Formalyzer will scrape the text from the PDF recc letter, and for each
URL in url_list, it will:

- launch a browser tab for that url
- fill in the form using what the LLM has gleaned from the recc letter
- attach the PDF via the form’s upload/attachment button

…and do no more.

The user will need to review the page and press the Submit button
manually.

### Requirements:

- Either `ollama` installed locally or `ANTHROPIC_API_KEY` environment
  variable set
- `beautifulsoup4, playwright, claudette, lisette, pypdf, fastcore`

## Usage

On MacOS, startup the Chrome browser looking to port 9222 by executing
this command in the terminal:

``` bash
/Applications/Google\ Chrome.app/Contents/MacOS/Google\ Chrome --remote-debugging-port=9222 --user-data-dir=/tmp/chrome-debug
```

Then you can run this command:

``` bash
formalyzer --debug <recc_info.txt> <recc_letter.pdf> <url_list.txt>
```

where `recc_info.txt` contains information about the recommender, their
name, their title, their address, phone number and email.
`urls_list.txt` is a file containing one URL per line.

### Installation

Install latest from the GitHub
[repository](https://github.com/drscotthawley/formalyzer):

``` sh
$ pip install git+https://github.com/drscotthawley/formalyzer.git
```

or from [pypi](https://pypi.org/project/formalyzer/):

``` sh
$ pip install formalyzer
```

After installing, users need to run `playwright install chromium` to
download the browser binaries.

# Demo

On MacOS, run these commands in Terminal:

1.  `/Applications/Google\ Chrome.app/Contents/MacOS/Google\ Chrome --remote-debugging-port=9222 --user-data-dir=/tmp/chrome-debug &`
2.  `cd example`
3.  `python -m http.server 8000 &`
4.  `export ANTHROPIC_API_KEY="__your_API_key_goes_here__"`
5.  `formalyzer --debug recc_info.txt sample_letter.pdf sample_urls.txt`

## Local LLM Execution

For [FERPA](https://studentprivacy.ed.gov/ferpa) compliance, running a
local model is preferable so that student data is not broadcast
elsewhere.

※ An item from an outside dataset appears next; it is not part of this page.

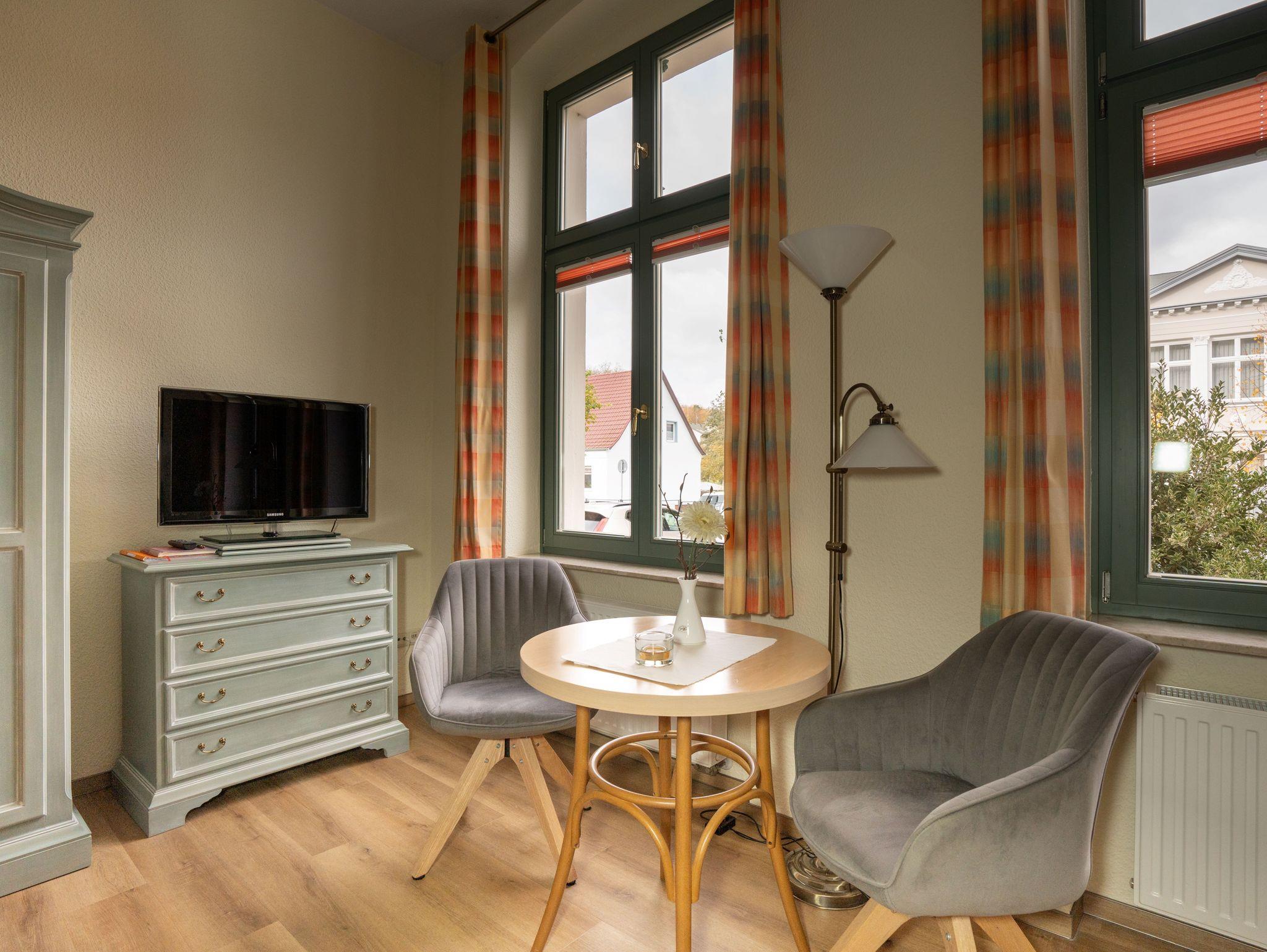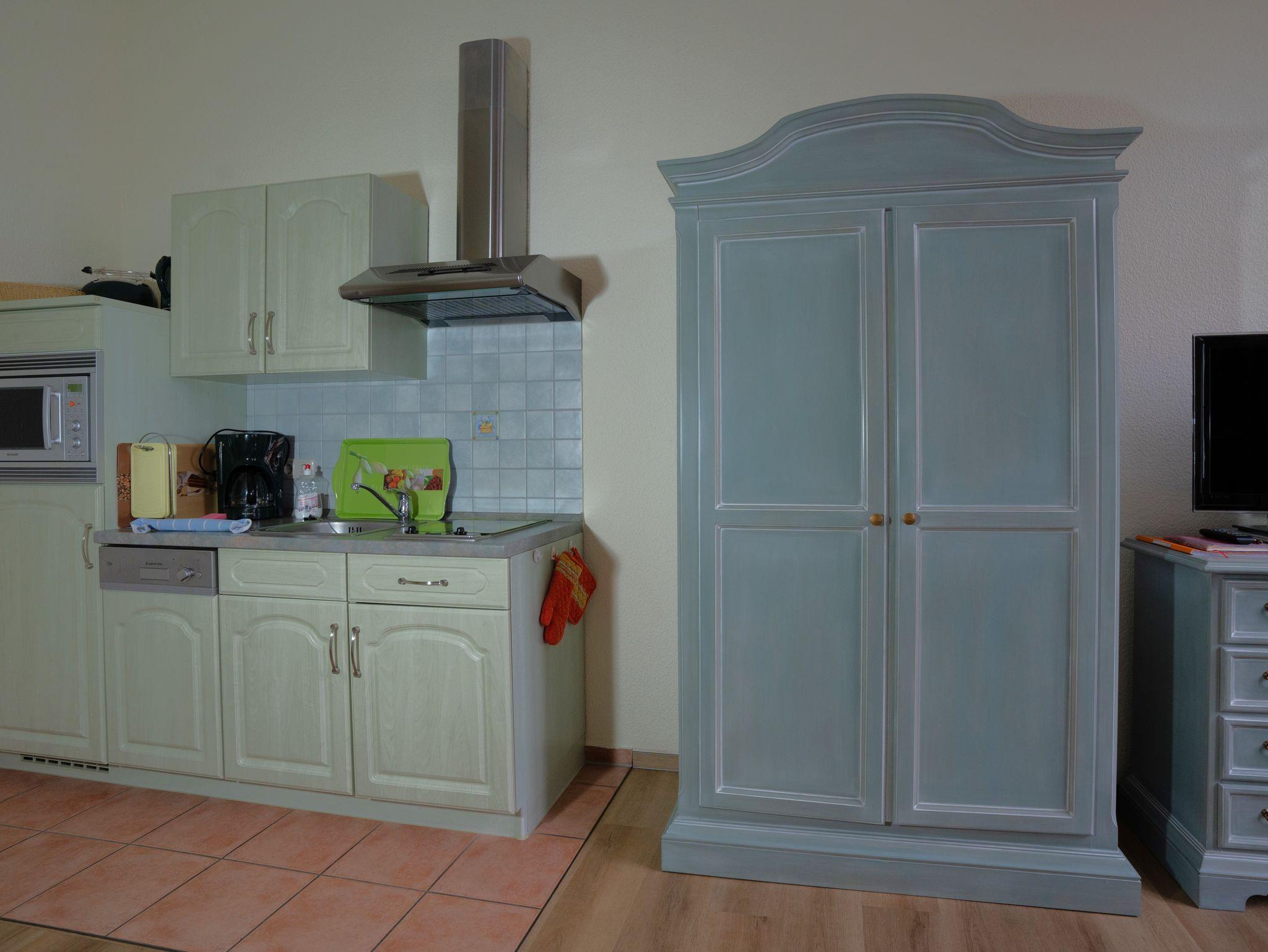 Das 28 qm große Einraumappartement im Hochparterre verfügt über ein Doppelbett, Sitzgelegenheit, TV und Radio sowie eine Küchenzeile mit Geschirrspüler,

I recommend using [`ollama`](https://ollama.com) and starting
with something medium-small like `qwen2.5:14b` (9 GB). Start up ollama:

``` bash
ollama serve & 
ollama pull qwen2.5:14b 
```

Then you can use the `--model` CLI flag, e.g. 

``` bash
formalyzer --debug --model 'ollama/qwen2.5:14b' recc_info.txt sample_letter.pdf sample_urls.txt
```

The quality of the form-filling will vary depending on the quality and
size of the model you get. Smaller models like `mistral` (4 GB) may
hallucinate many of the form field IDs, resulting in a mostly-blank form
in the end. For a huge (41 GB) model, try `ollama/qwen2:72b`.

## Developer Guide

### Install formalyzer in Development mode

``` sh
# make sure formalyzer package is installed in development mode
$ pip install -e .

# make changes under nbs/ directory
# ...

# compile to have changes apply to formalyzer
$ nbdev_prepare
```

### Documentation

Documentation can be found hosted on this GitHub
[repository](https://github.com/drscotthawley/formalyzer)’s
[pages](https://drscotthawley.github.io/formalyzer/). Additionally you
can find package manager specific guidelines on
[conda](https://anaconda.org/drscotthawley/formalyzer) and
[pypi](https://pypi.org/project/formalyzer/) respectively.

## TODO:

- Test with a less-than-superlative recc letter – to make sure it’s not
  just always selecting the top rating(s).